Hector Berlioz (1863) | Pierre Petit, 1832-1909 | Bibliothèque nationale de France

Berlioz


Hector Berlioz

The foremost French composer of the Romantic era, Hector Berlioz (1803-1869), was born in the mountains near Grenoble, the son of a physician. Dr. Berlioz wanted Hector to follow in his footsteps as a physician and, fearing he might become a musician, forbade the child from leaning piano because it was the instrument of "professionals." Instead, Hector received haphazard lessons on flute and guitar.

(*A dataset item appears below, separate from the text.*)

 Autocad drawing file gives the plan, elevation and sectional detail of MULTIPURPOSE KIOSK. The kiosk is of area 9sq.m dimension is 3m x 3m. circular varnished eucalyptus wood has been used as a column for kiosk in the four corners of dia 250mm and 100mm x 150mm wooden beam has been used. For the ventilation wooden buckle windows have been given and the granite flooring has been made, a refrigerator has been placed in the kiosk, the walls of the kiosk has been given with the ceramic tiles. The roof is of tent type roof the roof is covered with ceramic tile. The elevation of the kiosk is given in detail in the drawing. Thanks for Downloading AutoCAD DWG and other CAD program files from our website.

france_flag France | Wikimedia Commons

France


college icon College Years

In 1821, Berlioz enrolled in medical school in Paris but was sicken by the dissection room. He shocked his parents by dropping out of medical school to pursue music. In 1826, at twenty-three, he entered the Paris Conservatory, distinguishing himself in composition. His innovative and unconventional style set him at odds with faculty, musicians and musical organizations of Paris. The French, unlike Germans and Austrians, were conservative and preferred the Classical style. While his progressive Romantic style made him revered in other parts of Europe, it left Berlioz somewhat scorned in his own country.

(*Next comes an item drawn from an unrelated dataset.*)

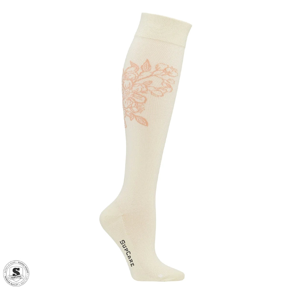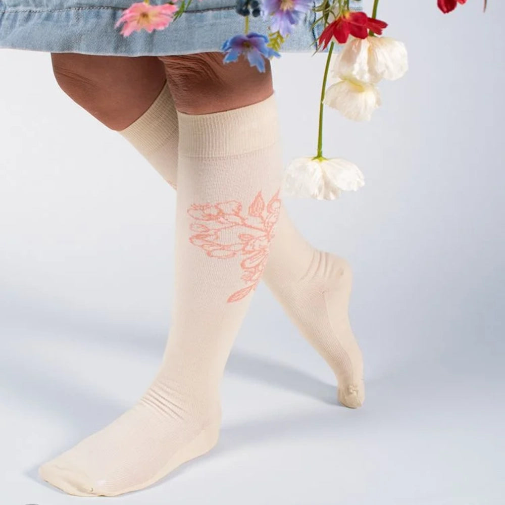 Komfortable og stilrene knæhøje kompressionsstrømper i økologisk bomuld med et elegant blomstermønster. Designet til at give let og behagelig støtte i hverdagen – perfekt til både arbejde og fritid.

pirze_medal_icon Prix de Rome

After being passed over several times in a prestigious composition competition, the Prix de Rome, Berlioz won it in 1830. Such a prize could be instrumental in kick-starting a young artist's career. While in studying in Rome, Berlioz heard that his fiancée, pianist Maria Moke, had ran off and married another man. He stormed out of Rome by stagecoach—fastest transport in the day—with pistols and poison to avenge the betrayal but changed his mind en route.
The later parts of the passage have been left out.